The attack complexity is low and no user interaction is required. The privilege requirement is the primary barrier to exploitation, limiting attackers to accounts that already hold elevated database permissions. EPSS data places the probability of observed exploitation at a low level as of May 2026.
Root Cause
The root cause is improper handling of resource allocation within InnoDB request processing paths. The engine fails to bound consumption when processing specific input sequences, allowing a privileged client to drive the server into an unrecoverable state. The condition maps to [CWE-400] Uncontrolled Resource Consumption.
Attack Vector
An attacker authenticates to MySQL Server using a high-privilege account, then sends crafted requests over the network. The request can use any of the protocols supported by the MySQL listener. The server processes the input within InnoDB and either hangs indefinitely or crashes in a manner that repeats on restart if the trigger is replayed.
No verified public exploit code is available for this vulnerability. Refer to the Oracle Security Alert April 2026 for vendor technical details.

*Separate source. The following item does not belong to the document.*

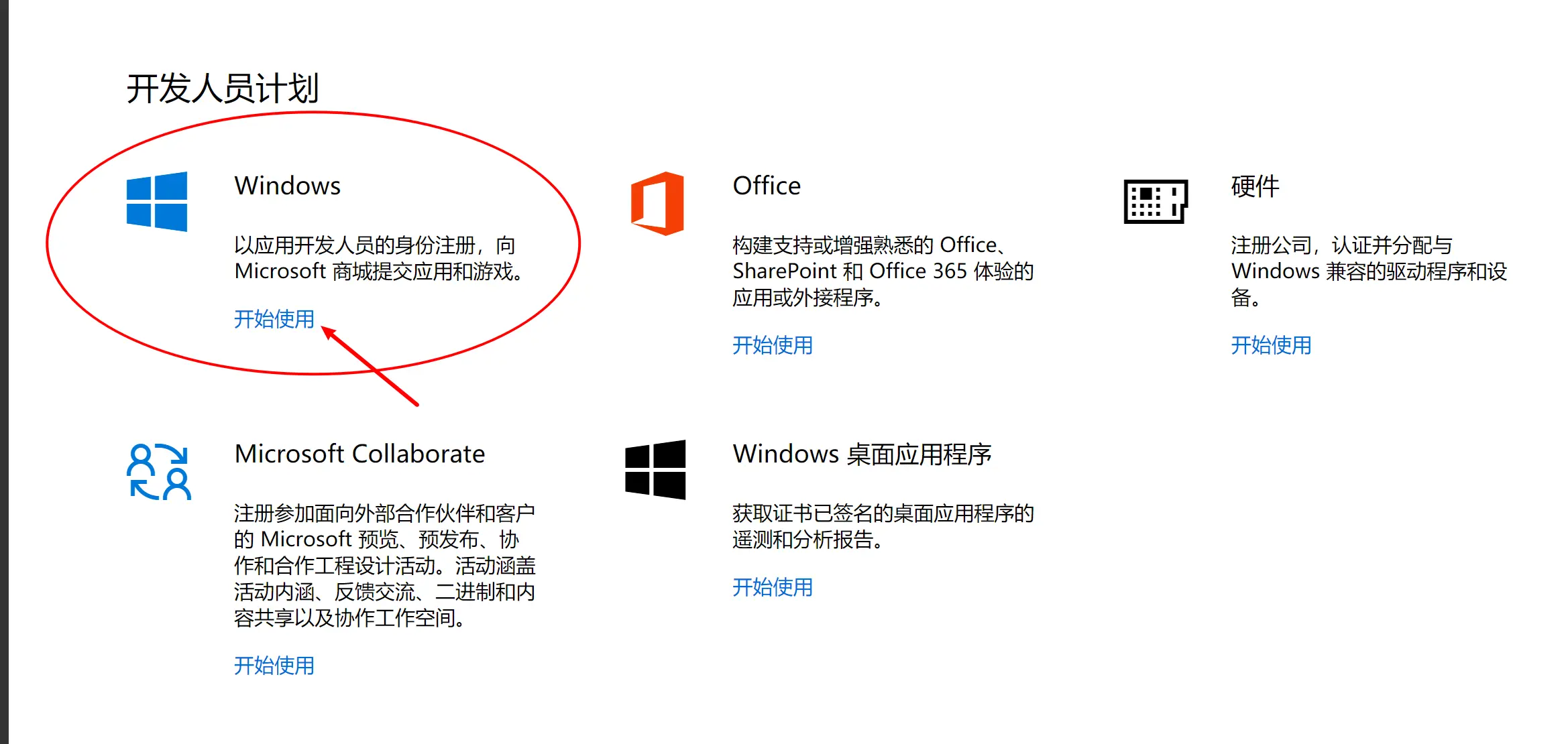 开发人员计划中的Windows,然后点击开始使用(如下图),跳转到注册页面进行注册。微软开发者账号是一次性收费,费用可能 160 RMB 左右(我记不得了)。其余的详细注册细节就不赘述了,百度也都能找得到。

Detection Methods for CVE-2026-34304
Indicators of Compromise
- Unexpected MySQL Server process termination or repeated mysqld restarts with InnoDB-related stack traces in the error log
- Sudden spikes in InnoDB resource utilization (memory, CPU, or I/O wait) followed by server unresponsiveness
- Repeated authenticated sessions from a single high-privileged account immediately preceding a crash
Detection Strategies
- Correlate MySQL error log entries (/var/log/mysql/error.log or platform equivalent) with authentication events to identify which privileged session preceded a crash
- Monitor for repeating crash signatures in mysqld and alert when the same fault pattern occurs more than once within a short window
- Audit privileged MySQL accounts and flag unusual connections from new source addresses or off-hours sessions
Monitoring Recommendations
- Enable the MySQL audit log plugin and forward events to a centralized logging platform for correlation with network telemetry
- Track availability metrics such as connection success rate, query latency, and InnoDB buffer pool health to detect early signs of hangs
- Alert on rapid succession of mysqld restarts which may indicate an attacker replaying the crash trigger
How to Mitigate CVE-2026-34304
Immediate Actions Required
- Apply the Oracle April 2026 Critical Patch Update to all MySQL Server instances running affected versions
- Inventory MySQL accounts with high privileges (SUPER, PROCESS, RELOAD, schema owners) and remove any that are unnecessary
- Restrict network access to MySQL listeners using firewall rules or security groups so only trusted application hosts can connect
Patch Information
Oracle released fixes as part of the Oracle Security Alert April 2026. Administrators should upgrade to a patched release beyond MySQL 8.0.45, 8.4.8, or 9.6.0 as published in the Critical Patch Update advisory.
Workarounds
- Rotate credentials for high-privileged MySQL accounts and enforce strong authentication, including TLS client certificates where supported
- Place MySQL Server behind a database proxy or bastion host that enforces source-address allowlisting for administrative sessions
- Configure systemd or process supervisors to alert (rather than silently restart) on repeated mysqld crashes so operators can investigate
# Restrict MySQL network exposure and review privileged accounts
# 1. Bind MySQL to a private interface in /etc/mysql/my.cnf
[mysqld]
bind-address = 10.0.0.10
# 2. Enumerate accounts with elevated privileges
mysql -e "SELECT user, host FROM mysql.user \
WHERE Super_priv='Y' OR Process_priv='Y' OR Reload_priv='Y';"
# 3. Verify installed version against the April 2026 CPU
mysql --version
Disclaimer: This content was generated using AI. While we strive for accuracy, please verify critical information with official sources.